--- START ---
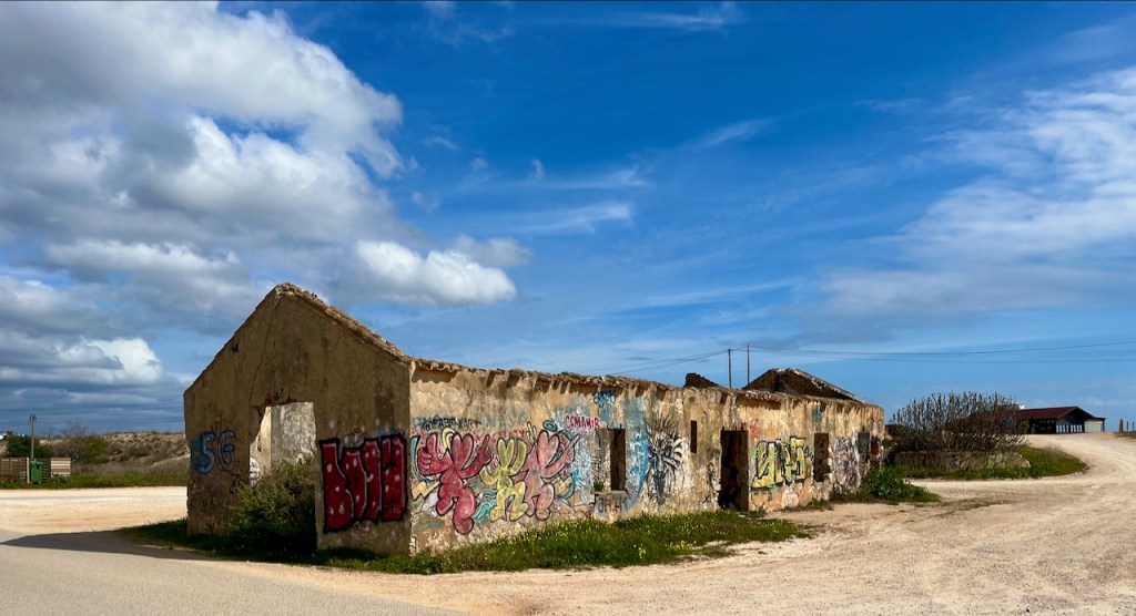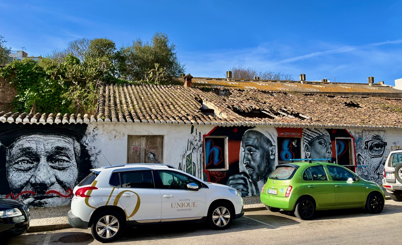Mary and I have now walked into old town Lagos (that is, the part of Lagos from medieval times) a couple of days now, and there’s always things to see and marvel at. The street art or graffiti is often astounding. Pictured: a line of gorgeous street art on a ruined building. I only wish the cars hadn’t been parked here so I could photograph the whole thing.
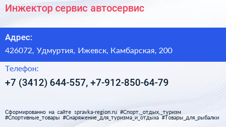 Инжектор-сервис, автосервис по адресу 426072, Удмуртия, Ижевск, Камбарская, 200 в дальнейшем Организация, размещена в следующих категориях:
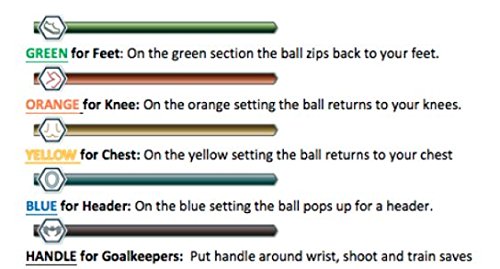 -. Feature : Train game-like ball receiving with every body part anywhere, by yourself. / Develop the best first touch on your team and become a master of ball control / Ball comes back to your feet, knees, chest, head, or hands when kicked depending on the setting. / Spins freely so it doesn't tangle and feels like a real pass from a teammate as it returns. / Quality is backed by the company. Satisfaction guaranteed.
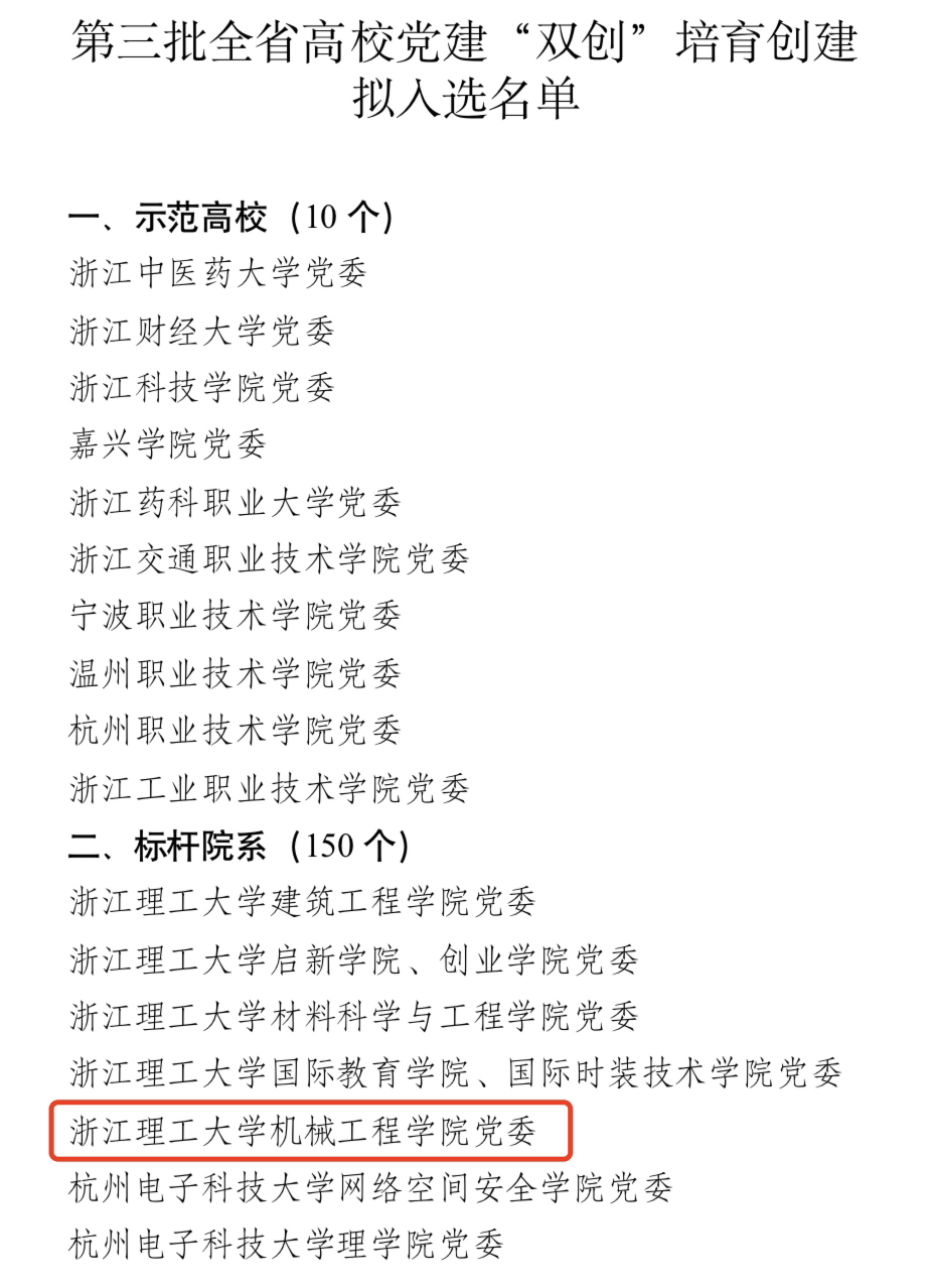 为深入学习贯彻习近平新时代中国特色社会主义思想,纵深推进高公司党建示范创建和质量创优,中共浙江省委教育工作委员会于2023年5月启动第三批全省高公司党建“双创”培育创建工作。近日,中共浙江省委教育工作委员会发布通知,根据《中共浙江省委教育工作委员会办公室关于开展第三批全省高公司党建“双创”培育创建工作的通知》,经自主申报、综合遴选、省教育厅党组会审议和公示等程序,确定10个高公司党委、150个院系党组织、151个基层党支部、50名研究生党员为第三批全省高公司党建“双创”培育创建对象。
--- END ---
# What is needed
Every last line above must be reproduced as written, and no pictures belong in the copy.

# Result
Mary and I have now walked into old town Lagos (that is, the part of Lagos from medieval times) a couple of days now, and there’s always things to see and marvel at. The street art or graffiti is often astounding. Pictured: a line of gorgeous street art on a ruined building. I only wish the cars hadn’t been parked here so I could photograph the whole thing.
 Инжектор-сервис, автосервис по адресу 426072, Удмуртия, Ижевск, Камбарская, 200 в дальнейшем Организация, размещена в следующих категориях:
 -. Feature : Train game-like ball receiving with every body part anywhere, by yourself. / Develop the best first touch on your team and become a master of ball control / Ball comes back to your feet, knees, chest, head, or hands when kicked depending on the setting. / Spins freely so it doesn't tangle and feels like a real pass from a teammate as it returns. / Quality is backed by the company. Satisfaction guaranteed.
 为深入学习贯彻习近平新时代中国特色社会主义思想,纵深推进高公司党建示范创建和质量创优,中共浙江省委教育工作委员会于2023年5月启动第三批全省高公司党建“双创”培育创建工作。近日,中共浙江省委教育工作委员会发布通知,根据《中共浙江省委教育工作委员会办公室关于开展第三批全省高公司党建“双创”培育创建工作的通知》,经自主申报、综合遴选、省教育厅党组会审议和公示等程序,确定10个高公司党委、150个院系党组织、151个基层党支部、50名研究生党员为第三批全省高公司党建“双创”培育创建对象。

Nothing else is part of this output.